Despite the encouraging results of the counter narrative generation task, experiments have been limited to English due to the scarcity of hate speech / counter narrative data in other languages. In this paper, we investigate counter narrative generation for Italian as a case study where zero or only a small amount of task specific in-language data is available. We first explore the portability of generation across languages, considering that recent neural machine translation (NMT) systems have shown outstanding performances. We propose utilizing off-the-shelf NMT models to synthesize silver data from other languages, and finetuning GePpeTto (Mattei et al., 2020) , a recently developed GPT-2 based language model for Italian, on the silver data.
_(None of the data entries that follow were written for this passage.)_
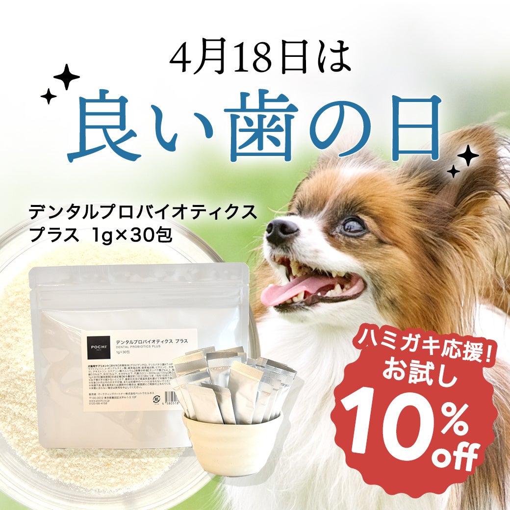 プレミアムドッグフードメーカー「POCHI」(運営:マーケティングパートナー株式会社、本社所在地:東京都新宿区、代表取締役社長:泰地正人、Tel:03-6772-8194、https://www.pochi.co.jp/)は、「良い歯の日(4月18日)」にちなんで、犬たちのハミガキを応援するため、お口ケアサプリメントの「デンタルプロバイオティクス プラス」が10%オフになるキャンペーンを4月3日(金)より開始します。いつもの食事に振りかけるだけで使えるため、歯磨きが苦手な犬たちにおすすめなサプリメントです。この機会に、「歯」の健康づくりをはじめてみませんか?。
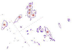 Eine Übersichtskarte im Maßstab 1:900.000 findet sich auf der letzten Seite des E-Books zum Gesetz über die Bildung des Regierungsbezirks Banggai Laut.[3] Die Anzahl der Inseln unterliegt groß Schwankungen, Dalam Angka 2021 nennt 159 Inseln, nomor.net[4] 125. Das E-Book des indonesischen Innenministeriums[5] nennt 282.
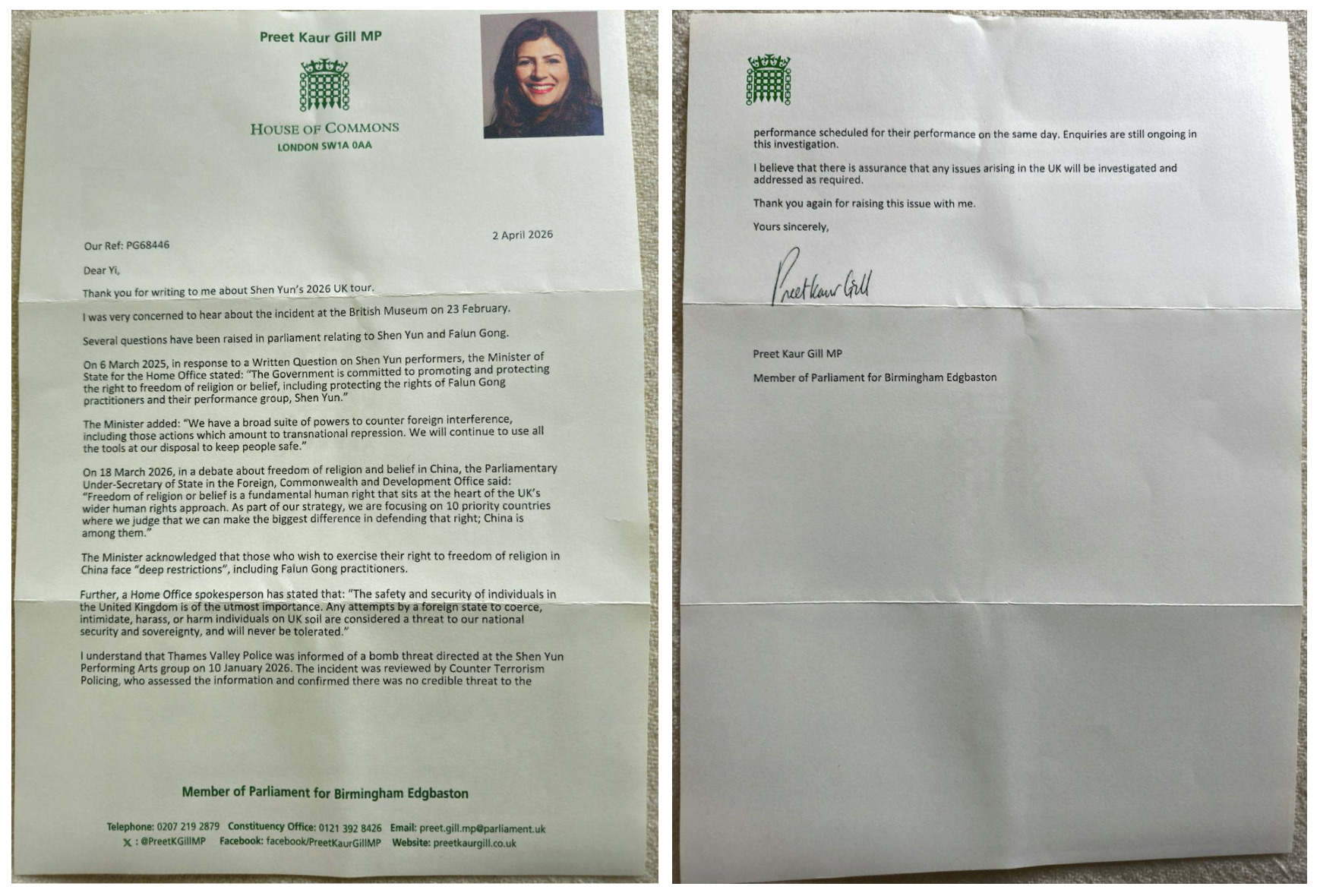The UK Falun Dafa Association received letters from Feryal Clark MP, Preet Kaur Gill MP, Jo Platt MP, Patricia Ferguson MP, Cameron Thomas MP, and Mark Pritchard MP, expressing their concern about the issue and saying that any attempt on the part of a foreign government to harass, intimidate, or harm individuals or groups in the UK will not be tolerated.
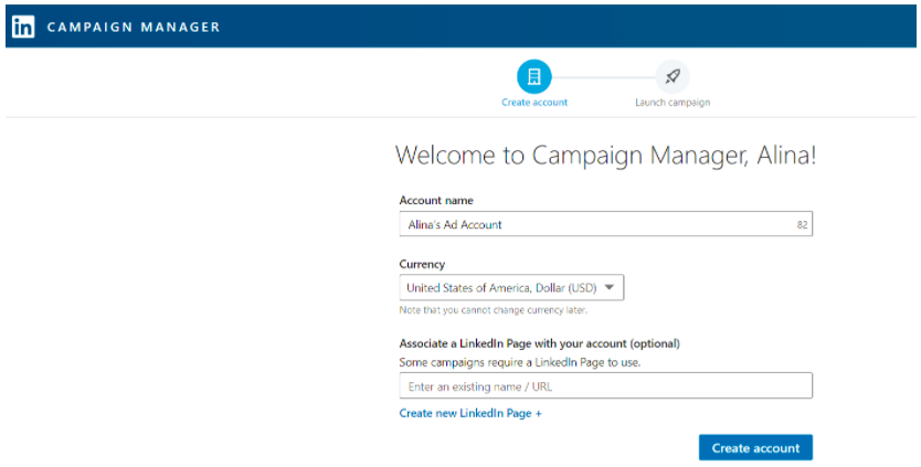You should enter your account name, currency and associate a LinkedIn Page with your account.
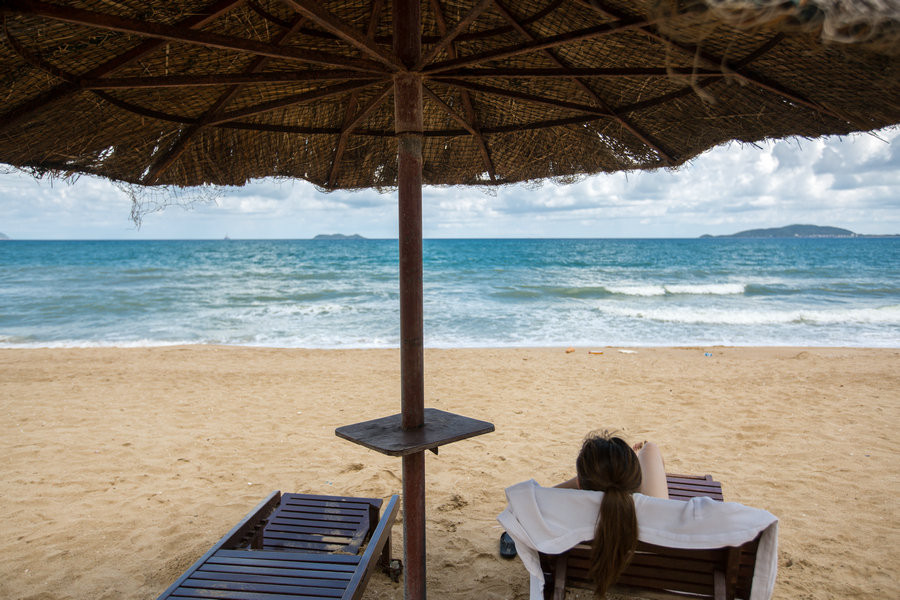 在绵长的沙滩上为住店客人有免费提供太阳伞和躺椅。
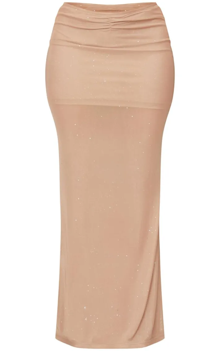 Make a statement whatever your weekend plans are with this shape stone glitter low rise ruched front fishtail maxi skirt. Brought to you in a versatile stone shade, with glitter detailing, a low rise fit, ruched front material and fishtail design for a figure-flattering finish. Style with a pair of heels and the matching bralette for chic look.

We then examine the effect of combining silver with gold data on CN generation by experimenting with various gold data sizes. Our findings show that a proper combination of silver and gold data while fine-tuning LMs can drastically reduce the need for expert-annotator effort on target languages. 2

Related Work

In this section we briefly recap relevant works for our counter narrative generation task, including the problem of online hatred recognition, effectiveness of approaches to hatred intervention, methodologies for generating counter-arguments, and text generation for low-resourced languages. Hate problem. A wealth of work has investigated online hateful content, aiming at creating datasets for hate speech identification (Warner and Hirschberg, 2012; Burnap and Williams, 2015; Silva et al., 2016) . For instance, there are datasets collected from Facebook (Kumar et al., 2018) , forums (Silva et al., 2016; de Gibert et al., 2018) , and Twitter (Silva et al., 2016; Waseem and Hovy, 2016) . Hate speech detection tasks are available at IberEval (Fersini et al., 2018) for Spanish and EVALITA (Del Vigna12 et al., 2017; Fersini et al., 2018) for Italian.

Hate countering. Counter narratives can be used as an effective approach to moderate hateful content on social media platforms such as Twitter (Munger, 2017; Wright et al., 2017) , Youtube (Ernst et al., 2017; Mathew et al., 2019) and Facebook (Schieb and Preuss, 2016) . Previous studies on hate countering cover several aspects of CNs. For example: defining counter narratives (Benesch et al., 2016) , studying their effectiveness (Schieb and Preuss, 2016; Silverman et al., 2016; Ernst et al., 2017; Munger, 2017; Wright et al., 2017) , linguistically characterizing online counter narrative accounts (Mathew et al., 2018) , creating real or simulated CN datasets (Mathew et al., 2019; Chung et al., 2019; Qian et al., 2019; Tekirog˘lu et al., 2020) , and neural approaches to CN generation (Qian et al., 2019; Tekirog˘lu et al., 2020) . Counter-argument Generation. This task share the same abstract goal as CN generation i.e. to produce the opposite or alternate stance of a statement. Previous works adopted sequenceto-sequence architectures to generate arguments (Rakshit et al., 2019; Hua et al., 2019; Rach et al., 2018; Le et al., 2018) targeting specific domains in which massive discussion is available, such as politics (Hua et al., 2019; Hua and Wang, 2018; Le et al., 2018) , and economy (Le et al., 2018; Wachsmuth et al., 2018) .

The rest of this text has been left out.